Cystinarius rubiginosus

Scientific classification
- Kingdom: Fungi
- Division: Basidiomycota
- Class: Agaricomycetes
- Order: Agaricales
- Family: Cortinariaceae
- Genus: Cystinarius
- Species: C. rubiginosus
- Binomial name: Cystinarius rubiginosus (Ammirati, Bojantchev, Niskanen & Liimat.) Liimat. & Niskanen
- Synonyms: Cortinarius rubiginosus Ammirati, Bojantchev, Niskanen & Liimat

= Cystinarius rubiginosus =

- Genus: Cystinarius
- Species: rubiginosus
- Authority: (Ammirati, Bojantchev, Niskanen & Liimat.) Liimat. & Niskanen
- Synonyms: Cortinarius rubiginosus Ammirati, Bojantchev, Niskanen & Liimat

Species of fungus

Cystinarius rubiginosus, also known as Cortinarius rubiginosus, is a species of mushroom in the family Cortinariaceae.

== Description ==
The cap of Cystinarius rubiginosus starts out campanulate or rounded.

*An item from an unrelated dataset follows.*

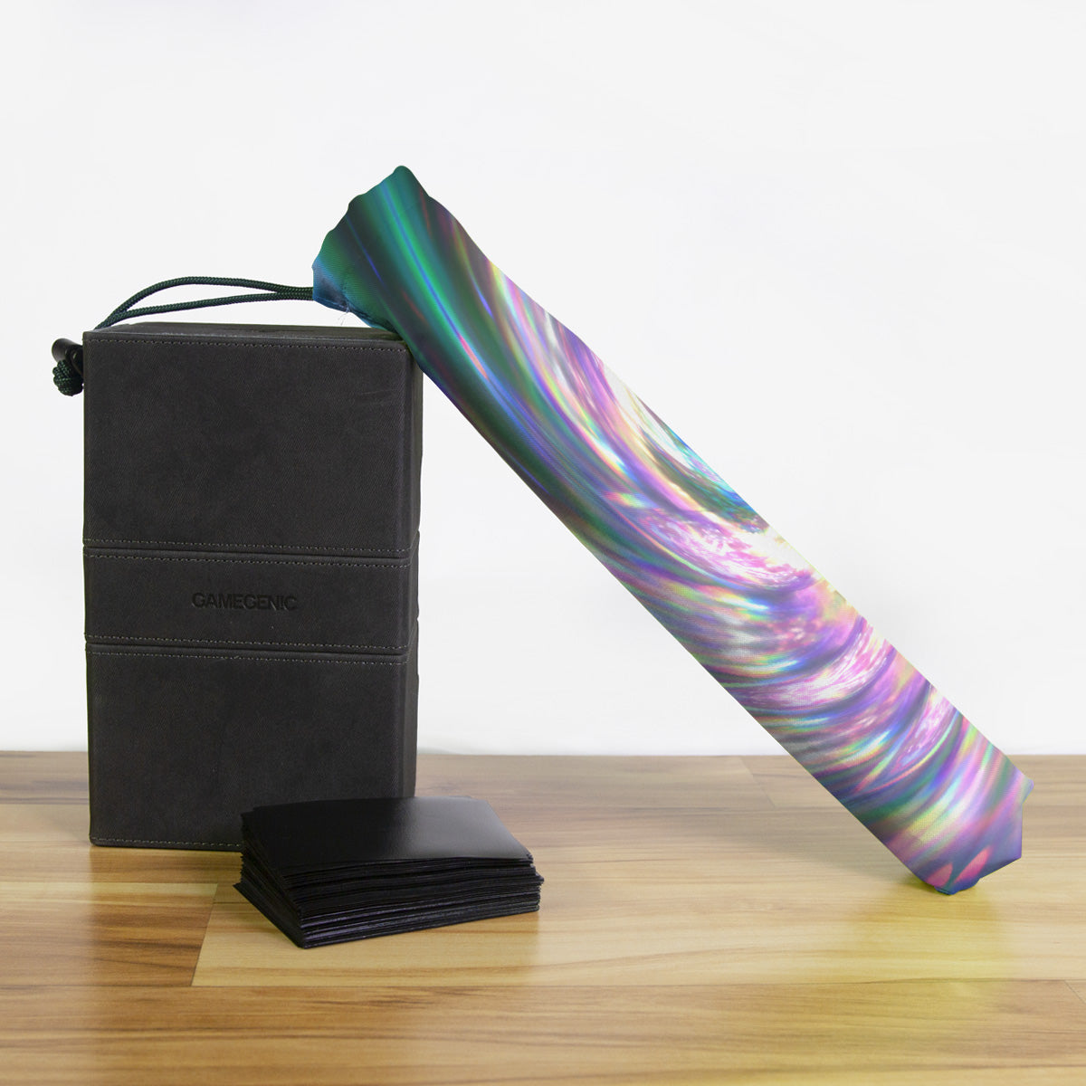 Keep your playmat in pristine condition wherever you go with one of our handcrafted playmat bags. This playmat bag is specifically designed to protect your playmat and can hold two standard sized mats at the same time (in case you need a backup or your friend forgets theirs). Each bag is made in-house and features a water-resistant coating along with a drawstring and carabiner clip for secure carrying. So you can take your game anywhere and in any weather.

As the mushroom matures, it becomes convex or flat. It is about 3-9 centimeters in diameter, and is beige to orangish brown. The gills are adnate and start out beige, before becoming orangish or brownish as the mushroom gets older. The stipe is about 5-8 centimeters long, 1-3 centimeters wide, and orangish. A cortina is present, and the spore print is rusty brown. While some classify it under the genus Cortinarius, it has cystidia, leading others to classify it under the genus Cystinarius.

== Habitat and ecology ==
Cystinarius rubiginosus is found in Western North America, from California to Alaska. It is most often found in coastal spruce forests. While it usually grows with sitka spruce, it sometimes grows with other conifers, as well as tanoak.